--- Work to complete ---
Transcribe the records below word for word, leaving every picture out.

--- Data extract ---

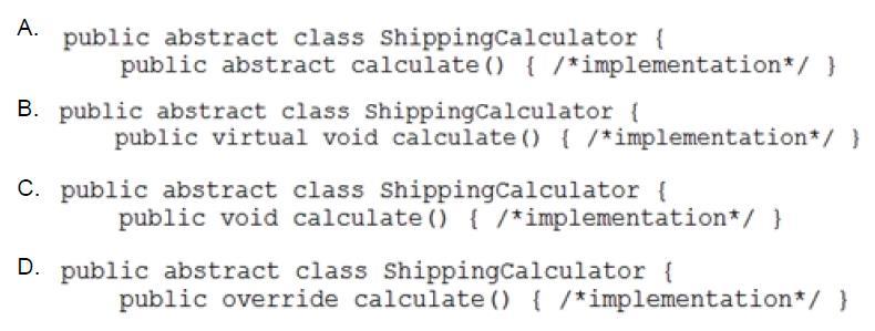 質問42 開発者は、インスタンス化できないShippingCalculatorクラスを作...
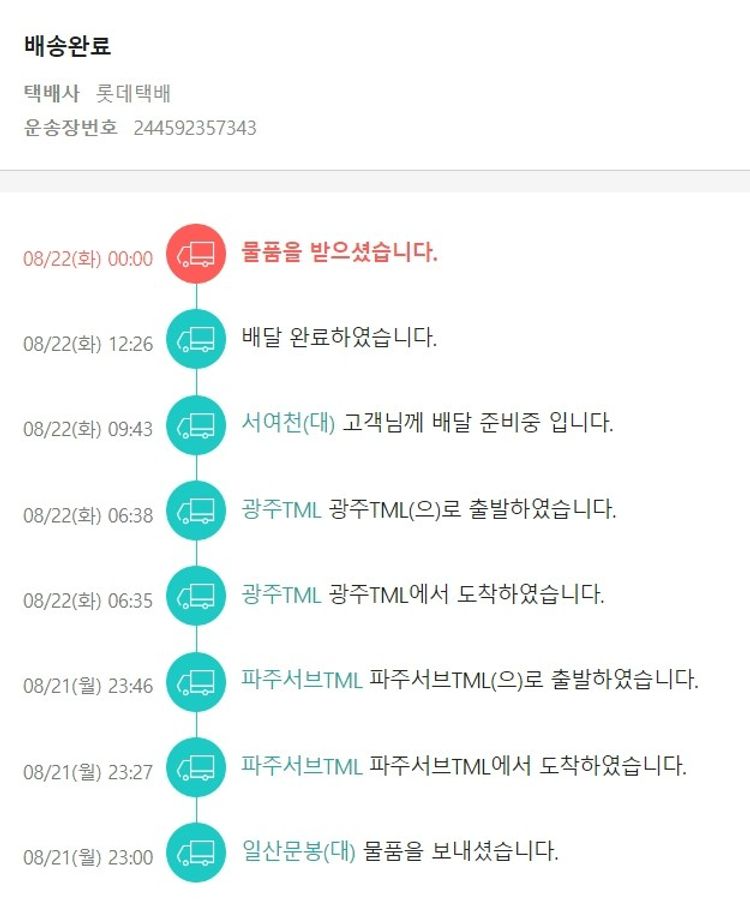 기부자님이 사용한 기부포인트 25,150원, 가격상승분 710원, 100원 미만 지원금 74원, 결제 수수료 14,596원, 기타 사업비는 행복나눔재단이 부담했습니다. (기부후기 발송시점에 최종 업데이트 됩니다.) 주문 건 중 품절 건 발생하여 2023. 08. 21. 재주문했습니다. 실제 쇼핑몰에서 확인되는 배송현황을 캡처한 내용입니다. 실시간 자료와는 차이가 있을 수 있습니다.
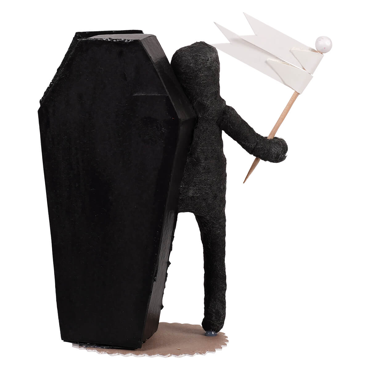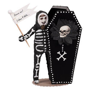 Coffin Skeleton Boy by Vintage by Crystal is ready to welcome visitors from beyond the grave with a playful grin. Crafted from spun cotton, this little skeleton peeks out of his coffin like he’s been waiting all year for company. His hand-painted details give him a delightfully eerie charm that balances spooky with sweet.
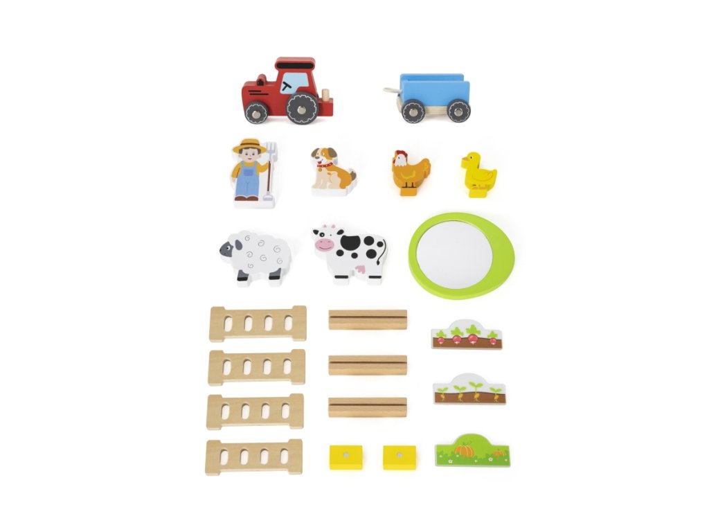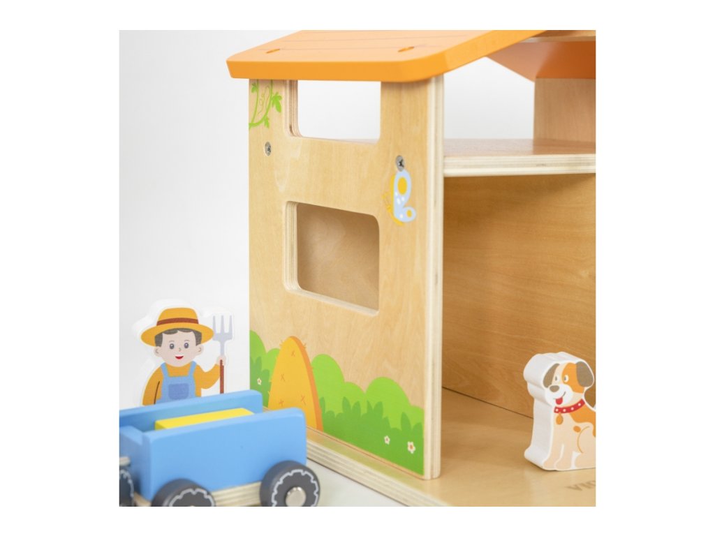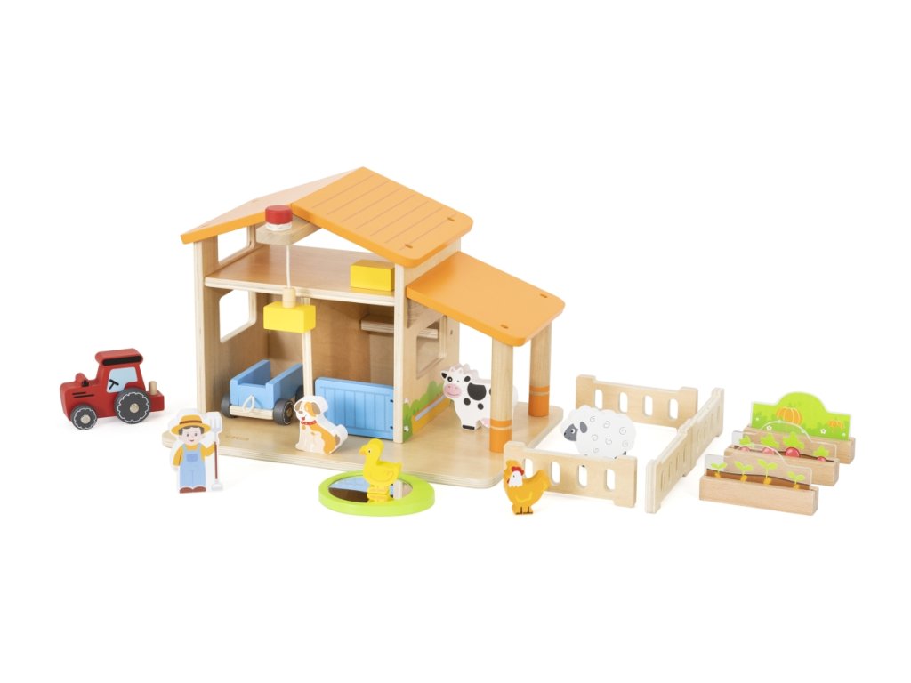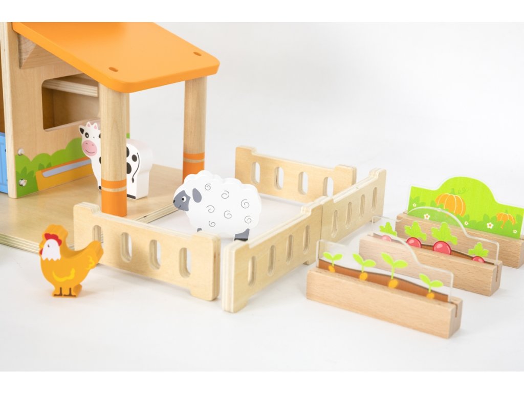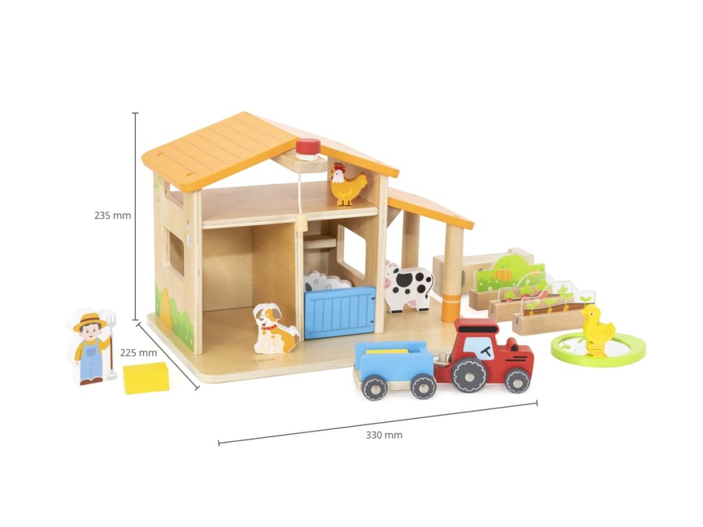 Dřevěná farma s příslušenstvím. Rozměry 33x22,5x23,5 cm. Rozměry balení 35x32x24 cm. Součástí drobné doplňky jako např. farmář, zvířata nebo ohrada. Věk 3+Doplňkové parametry
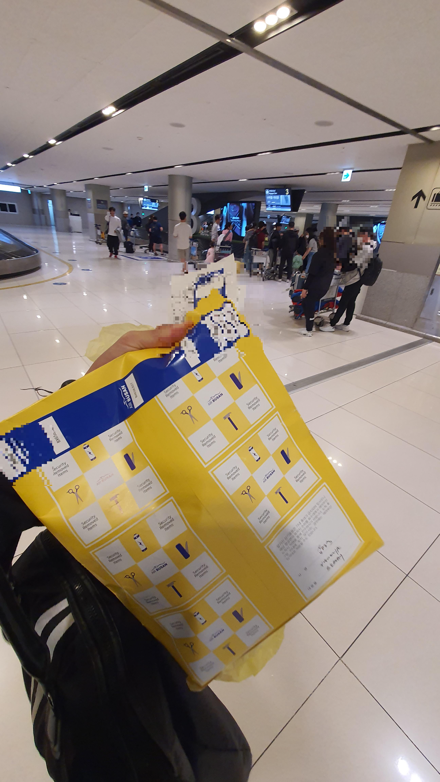 저는 확인증 같은 것을 받고, 노란 봉투(배터리)는 승무원이 가져갑니다.
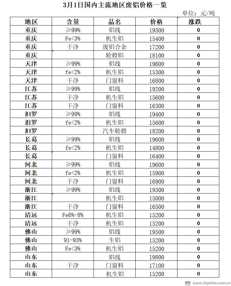 截止2月25日,2月份废铝持续拉涨。铝亮线上涨1300元/吨至19800元/吨,涨幅7.03%;废合金方面:废铝合金门窗料涨1200元/吨至17100元/吨,涨幅7.55%。废生铝方面:废汽车轮毂涨1700元/吨至18200元/吨,涨幅10.3%。大块机铝本期涨1700元/吨至16300元/吨,涨幅11.64%。2月份影响废铝价格波动的主要因素有:春节后铝价上涨为主,从2月7-9日累涨1390元/吨,涨幅6.24%。上涨的主要原因,从基本面上来看,电解铝和氧化铝厂家减产,下游需求维持在淡季水平,贸易商助推价格拉涨,使得价格运行至高位。节后前两周废铝市场恢复偏缓,资源流通量有限,供应整体偏紧张;需求来看,目前开工的厂家多以消化库存为主,少量补货,等到下游厂家全面复工后,铝行情或表现相对稳定,加之需求有所释放,对废铝需求增长,对价格有一定支撑;2月下旬,贸易商对税收政策较为关注,尤其政策落地不明确,贸易商清库存为主,中小型企业对原料采购观望,少量补货,小型贸易商出货较为积极。市场上的玩家多关注3月份税收政策落地实施再进行操作。
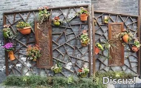 建筑墙体绿化,以营造宜人的街巷景观为目的。按照植物材料沿建筑立面攀附、固定的方式不同,历史街区常用的有攀爬式、悬盆式、布袋式。
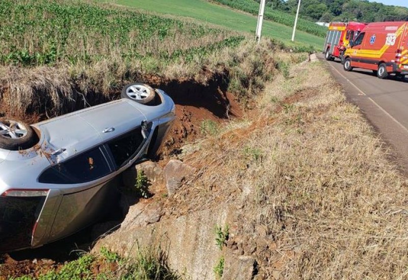 Jovem fica ferido após veículo sair de pista e capotar no interior de São José do Cedro
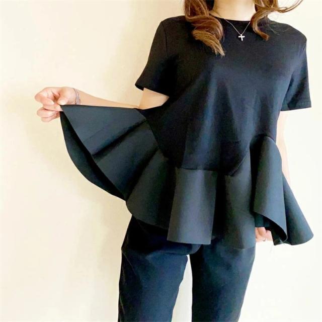 Tシャツ 裾フリル 半袖 ペプラム 無地 トップス 春 夏 一部即納 レディース トップス 春夏新作 おすすめ おしゃれ ファッション カジュアル
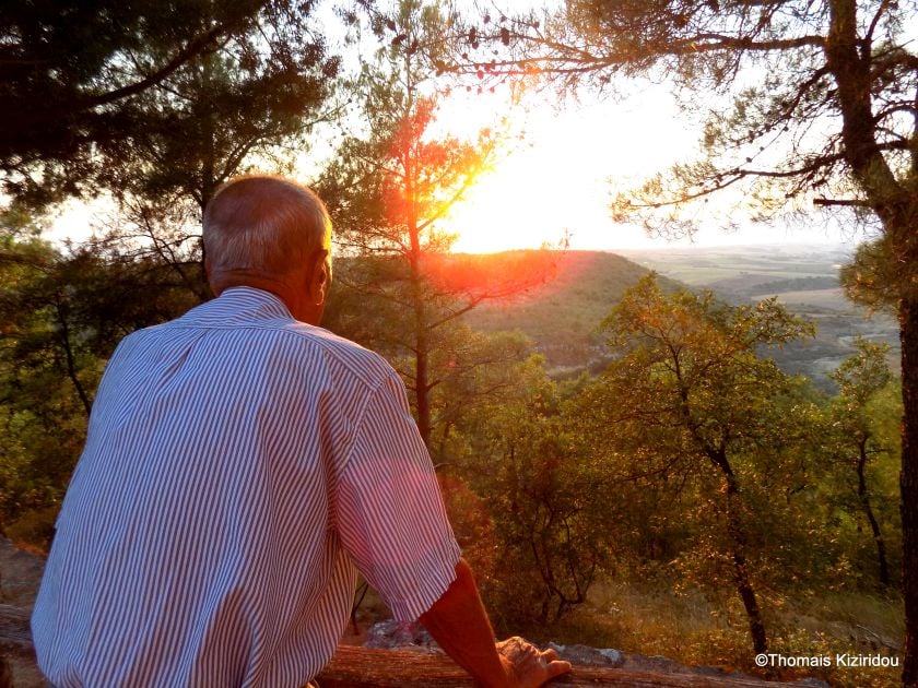 Τον θείο Μίμη τον γνώρισα μέσω του Αλεξίου Στεφανίδη το 2016. Τότε ήταν που τους πρότεινα να τους φωτογραφίσω στον λόφο του Προφήτη Ηλία Αγροσυκιάς, στο προσωπικό προσκύνημα του θείου Μίμη, το ξωκλήσι του προφήτη Ηλία. Η ψυχική επικοινωνία που είχαν, καθώς και η αγάπη και ο αλληλοσεβασμός τους αποτυπώθηκε στις φωτογραφίες και η σκέψη μου άρχισε να γράφει για αυτήν την κατάσταση. Αυτή η φωτογράφιση λειτούργησε ως πρόδρομος για την κινηματογραφική καταγραφή της ιδιαίτερης καθημερινότητας αυτού του ανθρώπου.

--- Solved exercise ---
 質問42 開発者は、インスタンス化できないShippingCalculatorクラスを作...
 기부자님이 사용한 기부포인트 25,150원, 가격상승분 710원, 100원 미만 지원금 74원, 결제 수수료 14,596원, 기타 사업비는 행복나눔재단이 부담했습니다. (기부후기 발송시점에 최종 업데이트 됩니다.) 주문 건 중 품절 건 발생하여 2023. 08. 21. 재주문했습니다. 실제 쇼핑몰에서 확인되는 배송현황을 캡처한 내용입니다. 실시간 자료와는 차이가 있을 수 있습니다.
 Coffin Skeleton Boy by Vintage by Crystal is ready to welcome visitors from beyond the grave with a playful grin. Crafted from spun cotton, this little skeleton peeks out of his coffin like he’s been waiting all year for company. His hand-painted details give him a delightfully eerie charm that balances spooky with sweet.
 Dřevěná farma s příslušenstvím. Rozměry 33x22,5x23,5 cm. Rozměry balení 35x32x24 cm. Součástí drobné doplňky jako např. farmář, zvířata nebo ohrada. Věk 3+Doplňkové parametry
 저는 확인증 같은 것을 받고, 노란 봉투(배터리)는 승무원이 가져갑니다.
 截止2月25日,2月份废铝持续拉涨。铝亮线上涨1300元/吨至19800元/吨,涨幅7.03%;废合金方面:废铝合金门窗料涨1200元/吨至17100元/吨,涨幅7.55%。废生铝方面:废汽车轮毂涨1700元/吨至18200元/吨,涨幅10.3%。大块机铝本期涨1700元/吨至16300元/吨,涨幅11.64%。2月份影响废铝价格波动的主要因素有:春节后铝价上涨为主,从2月7-9日累涨1390元/吨,涨幅6.24%。上涨的主要原因,从基本面上来看,电解铝和氧化铝厂家减产,下游需求维持在淡季水平,贸易商助推价格拉涨,使得价格运行至高位。节后前两周废铝市场恢复偏缓,资源流通量有限,供应整体偏紧张;需求来看,目前开工的厂家多以消化库存为主,少量补货,等到下游厂家全面复工后,铝行情或表现相对稳定,加之需求有所释放,对废铝需求增长,对价格有一定支撑;2月下旬,贸易商对税收政策较为关注,尤其政策落地不明确,贸易商清库存为主,中小型企业对原料采购观望,少量补货,小型贸易商出货较为积极。市场上的玩家多关注3月份税收政策落地实施再进行操作。
 建筑墙体绿化,以营造宜人的街巷景观为目的。按照植物材料沿建筑立面攀附、固定的方式不同,历史街区常用的有攀爬式、悬盆式、布袋式。
 Jovem fica ferido após veículo sair de pista e capotar no interior de São José do Cedro
 Tシャツ 裾フリル 半袖 ペプラム 無地 トップス 春 夏 一部即納 レディース トップス 春夏新作 おすすめ おしゃれ ファッション カジュアル
 Τον θείο Μίμη τον γνώρισα μέσω του Αλεξίου Στεφανίδη το 2016. Τότε ήταν που τους πρότεινα να τους φωτογραφίσω στον λόφο του Προφήτη Ηλία Αγροσυκιάς, στο προσωπικό προσκύνημα του θείου Μίμη, το ξωκλήσι του προφήτη Ηλία. Η ψυχική επικοινωνία που είχαν, καθώς και η αγάπη και ο αλληλοσεβασμός τους αποτυπώθηκε στις φωτογραφίες και η σκέψη μου άρχισε να γράφει για αυτήν την κατάσταση. Αυτή η φωτογράφιση λειτούργησε ως πρόδρομος για την κινηματογραφική καταγραφή της ιδιαίτερης καθημερινότητας αυτού του ανθρώπου.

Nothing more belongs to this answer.